Do I need Crowd? We have several Atlassian-centric groups set up in AD. "Atlassian-Admins"; "Jira-Users"; "Confluence-Users", etc. These groups are the only ones connected to Crowd.
When we get a new employee or add a team mate to a project thus requiring access, they are added by the AD team to one of those groups above, then Crowd does it's thing and all is good.
I'm mainly asking this to provoke conversations. Why would I need Crowd? How would it benefit me in this situation. (other than SSO between Atlassian products - we use 4 Atlassian products). This isnt an anti Crowd question. I'm just genuinely curious.
Couldn't I simply hook up the AD groups to the apps directly, bypassing Crowd?

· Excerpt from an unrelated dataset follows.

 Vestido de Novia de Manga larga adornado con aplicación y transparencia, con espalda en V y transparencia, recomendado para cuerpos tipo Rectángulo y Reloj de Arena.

If you have a similar set up, I'm interested to see how you're set up. TIA
Crowd has 3 main features:
SSO is often considered as a must have but maybe you already have a corporate solution for this in your organisation (e.g. CAS, CA SiteMinder) that you want to integrate with your Atlassian Stack. If you don't, Crowd is a very good option to consider because it is a simple one. SSO solutions can often be difficult to integrate with your custom or non custom applications. Sometimes it can even take weeks before you get a working environment. Crowd can be installed and integrated in minutes. As any other solution, Crowd obviously reaches limits (for instance, Crowd SSO is limited to one single domain) but as a whole its simplicity is often an advantage in comparison with other solutions. Finally, if you really don't care about SSO, you can obviously integrate your applications with direct LDAP connections to your Active Directory.

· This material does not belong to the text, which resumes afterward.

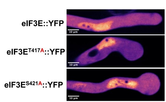 Změny ve struktuře proteinu eIF3E ovlivňují růst pylových láček. Na horním snímku je normálně rostoucí pylová láčka s plně funkční bílkovinou. Proteiny se skládají z menších „stavebních kamenů“ – aminokyselin. Když vědci nahradili konkrétní aminokyseliny v eIF3E jinými, láčky se přestaly prodlužovat a jejich konce se zvětšily (uprostřed a dole). To ukazuje, že tyto aminokyseliny jsou důležité pro správnou funkci eIF3E. Zdroj: autoři článku v The Plant Cell, licence CC BY 4.0

Using Crowd as a virtual directory is a very valuable feature. The REST API makes it very easy to integrate your custom applications, without having to cope with the complexity of multiple directories in back-end. Since you only have one single directory (Active Directory), this might not sound very important to you. But there are situations where you need to have more than one directory. For instance, you might want to open your Jira service to external users but your IT security team forbids you to store these users in the corporate Active Directory. Maybe these users also need to comply with a different password policy than the default one in Active Directory.
The User Interface for provisioning users and groups is probably the less interesting one in your case. I guess that your AD administrators already have a provisioning interface for daily administration so the Crowd console won't be of any help. However in very small teams and organisations, the Crowd administrator might be a single person who is also in charge of provisioning the corporate LDAP server or Active Directory.
Yes, SSO is the main functionality under offering here. Everything else can be done by directly hooking the apps to AD.
Crowd also allows internal directories, which can then become a separate common directory for all the Atlassian apps. Sounds like that is not a requirement for you.